Numerical differentiation

When no analytical formula for the function is available, the derivative \( \large f'(x) \) can be found using numerical methods. Numerical differentiation is based on approximating the slope of the tangent from discrete points instead of using the exact limit value.

 

 

The idea behind the method

The derivative at a point describes the local slope of the tangent to the function. If the function values are known at points that are close to each other, an approximate slope can be calculated between them. This is done using difference quotients.

 

 

Forward, backward, and central difference

There are three basic formulas for numerical differentiation:

 

Forward difference:

 

$$ \large f'(x) \approx \frac{f(x+h) - f(x)}{h} $$

 

Backward difference:

 

$$ \large f'(x) \approx \frac{f(x) - f(x-h)}{h} $$

 

Central difference:

 

$$ \large f'(x) \approx \frac{f(x+h) - f(x-h)}{2h} $$

 

The central difference usually gives the best accuracy because it considers points on both sides of \( \large x \).

 

 

Example

Suppose we want to calculate the derivative of \( \large f(x) = x^2 \) at the point \( \large x = 1 \) with \( \large h = 0{,}1 \).

 

The necessary function values are:

 

$$ \large f(1+h) = f(1{,}1) = 1{,}21, \quad f(1-h) = f(0{,}9) = 0{,}81 $$

 

Substituting into the formulas:

 

$$ \large f'_{\text{forward}}(1) = \frac{1{,}21 - 1}{0{,}1} = 2{,}1 $$

$$ \large f'_{\text{backward}}(1) = \frac{1 - 0{,}81}{0{,}1} = 1{,}9 $$

$$ \large f'_{\text{central}}(1) = \frac{1{,}21 - 0{,}81}{0{,}2} = 2{,}0 $$

 

The true value of \( \large f'(x) = 2x \) is \( \large 2 \), so the central difference gives the most accurate result.

 

 

Numerical differentiation

 

The function \( \large f(x) = x^2 \) around the point \( \large x=1 \).

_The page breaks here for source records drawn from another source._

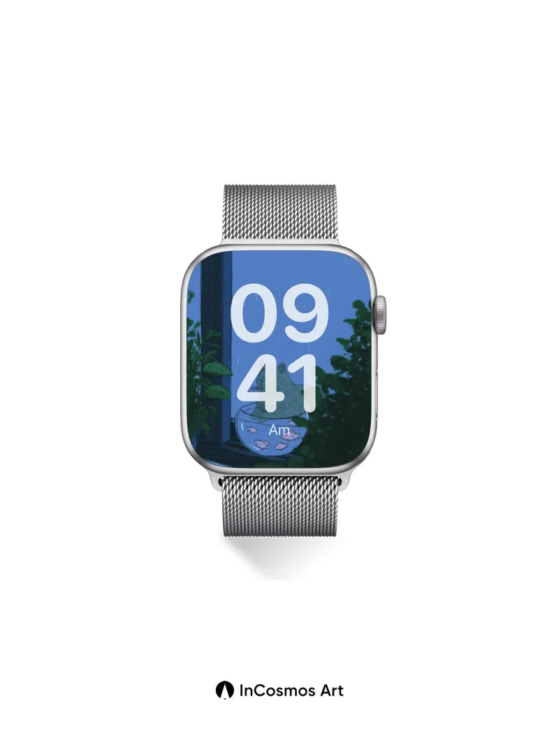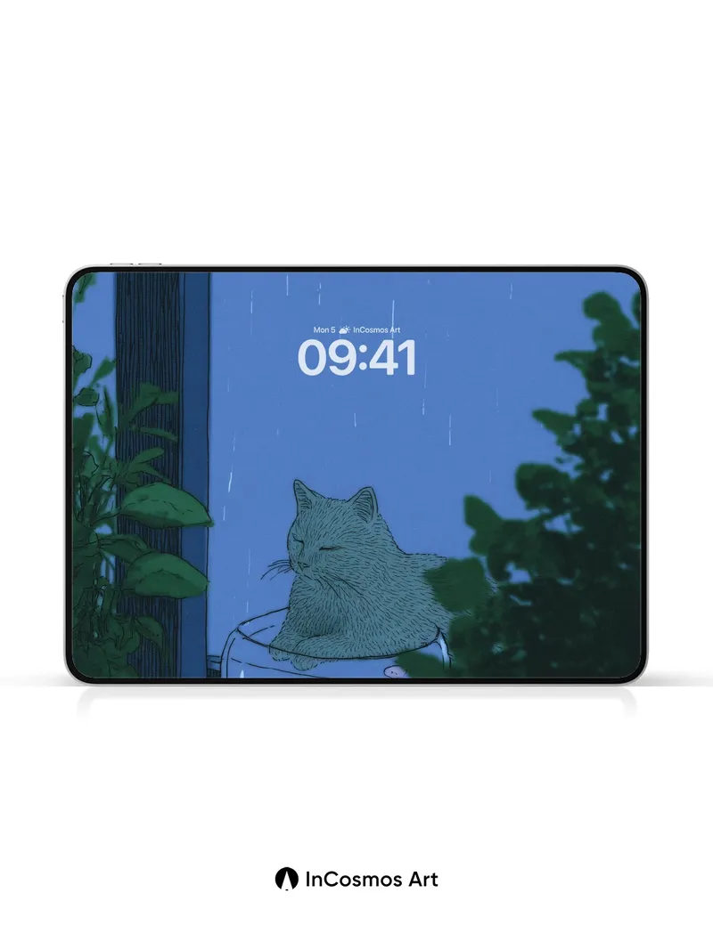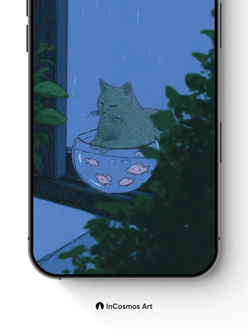 Rain-Slicked Serenity Wallpaper with Feline Fishbowl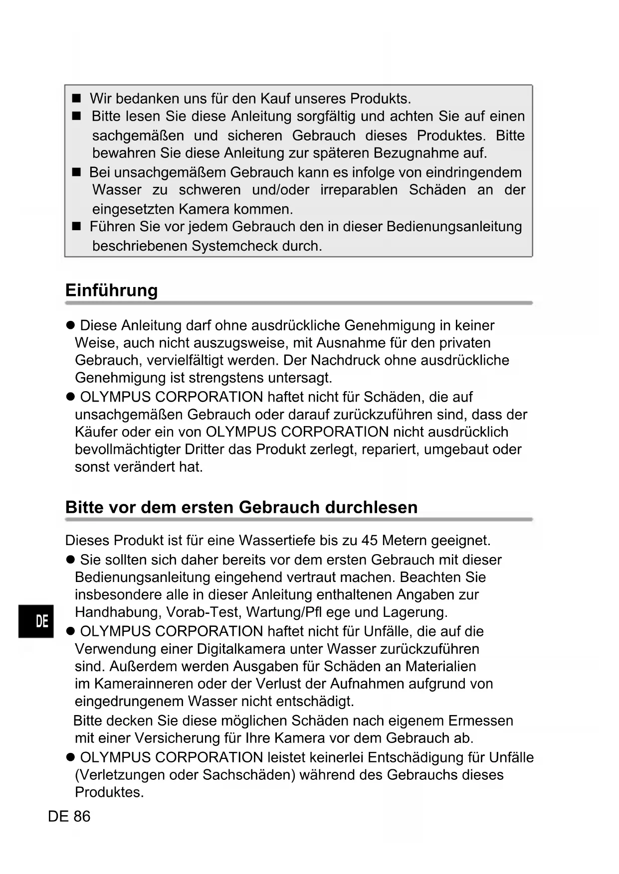 Wir bedanken uns für den Kauf unseres Produkts. Bitte lesen Sie diese Anleitung sorgfältig und achten Sie auf einen sachgemäßen und sicheren Gebrauch dieses Produktes. Bitte bewahren Sie diese Anleitung zur späteren Bezugnahme auf. Bei unsachgemäßem Gebrauch kann es infolge von eindringendem Wasser zu schweren und/oder irreparablen Schäden an der eingesetzten Kamera kommen. Führen Sie vor jedem Gebrauch den in dieser Bedienungsanleitung beschriebenen Systemcheck durch. Einführung Diese Anleitung darf ohne ausdrückliche Genehmigung in keiner Weise, auch nicht auszugsweise, mit Ausnahme für den privaten Gebrauch, vervielfältigt werden. Der Nachdruck ohne ausdrückliche Genehmigung ist strengstens untersagt. OLYMPUS CORPORATION haftet nicht für Schäden, die auf unsachgemäßen Gebrauch oder darauf zurückzuführen sind, dass der Käufer oder ein von OLYMPUS CORPORATION nicht ausdrücklich bevollmächtigter Dritter das Produkt zerlegt, repariert, umgebaut oder sonst verändert hat. Bitte vor dem ersten Gebrauch durchlesen Dieses Produkt ist für eine Wassertiefe bis zu 45 Metern geeignet. Sie sollten sich daher bereits vor dem ersten Gebrauch mit dieser Bedienungsanleitung eingehend vertraut machen. Beachten Sie insbesondere alle in dieser Anleitung enthaltenen Angaben zur Handhabung, Vorab-Test, Wartung/Pfl ege und Lagerung. OLYMPUS CORPORATION haftet nicht für Unfälle, die auf die Verwendung einer Digitalkamera unter Wasser zurückzuführen sind. Außerdem werden Ausgaben für Schäden an Materialien im Kamerainneren oder der Verlust der Aufnahmen aufgrund von eingedrungenem Wasser nicht entschädigt. Bitte decken Sie diese möglichen Schäden nach eigenem Ermessen mit einer Versicherung für Ihre Kamera vor dem Gebrauch ab. OLYMPUS CORPORATION leistet keinerlei Entschädigung für Unfälle (Verletzungen oder Sachschäden) während des Gebrauchs dieses Produktes.DE 87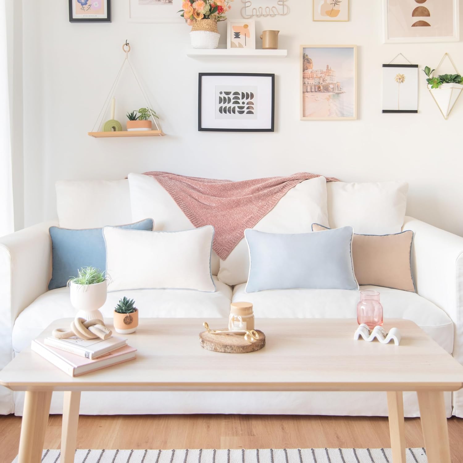 MONDAY MOOSE Decorative Throw Pillow Covers Cushion Cases, Set of 4 Soft Velvet Modern Double-Sided Designs, Mix and Match for Home Decor, Pillow Inserts Not Included (12x20 inch, Beige/Light Blue)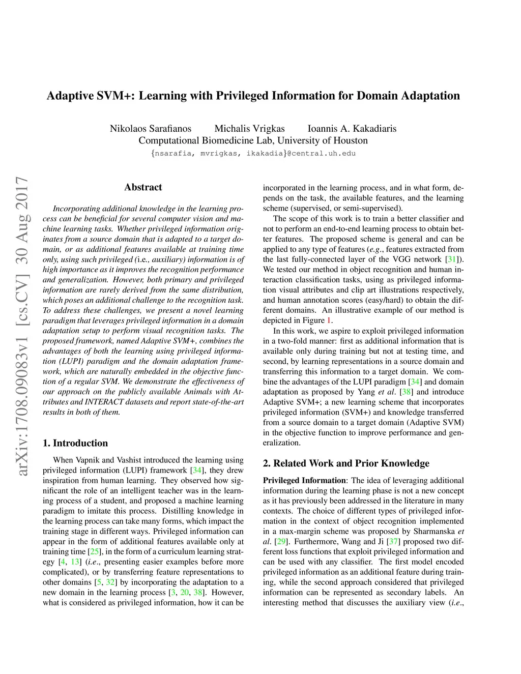 Incorporating additional knowledge in the learning process can be beneficial for several computer vision and machine learning tasks. Whether privileged information originates from a source domain that is adapted to a target domain, or as additional features available at training time only, using such privileged (i.e., auxiliary) information is of high importance as it improves the recognition performance and generalization. However, both primary and privileged information are rarely derived from the same distribution, which poses an additional challenge to the recognition task. To address these challenges, we present a novel learning paradigm that leverages privileged information in a domain adaptation setup to perform visual recognition tasks. The proposed framework, named Adaptive SVM+, combines the advantages of both the learning using privileged information (LUPI) paradigm and the domain adaptation framework, which are naturally embedded in the objective function of a regular SVM. We demonstrate the effectiveness of our approach on the publicly available Animals with Attributes and INTERACT datasets and report state-of-the-art results in both of them.

The three slopes (forward, backward, and central) show the difference between using the points \( \large (x,f(x)) \), \( \large (x+h,f(x+h)) \), and \( \large (x-h,f(x-h)) \).

 

 

Remarks

The accuracy depends on how small \( \large h \) is. Too large an \( \large h \) gives a poor approximation, while too small an \( \large h \) may lead to rounding errors. In practice, \( \large h \) is chosen so that the difference quotient is stable and provides reasonable accuracy.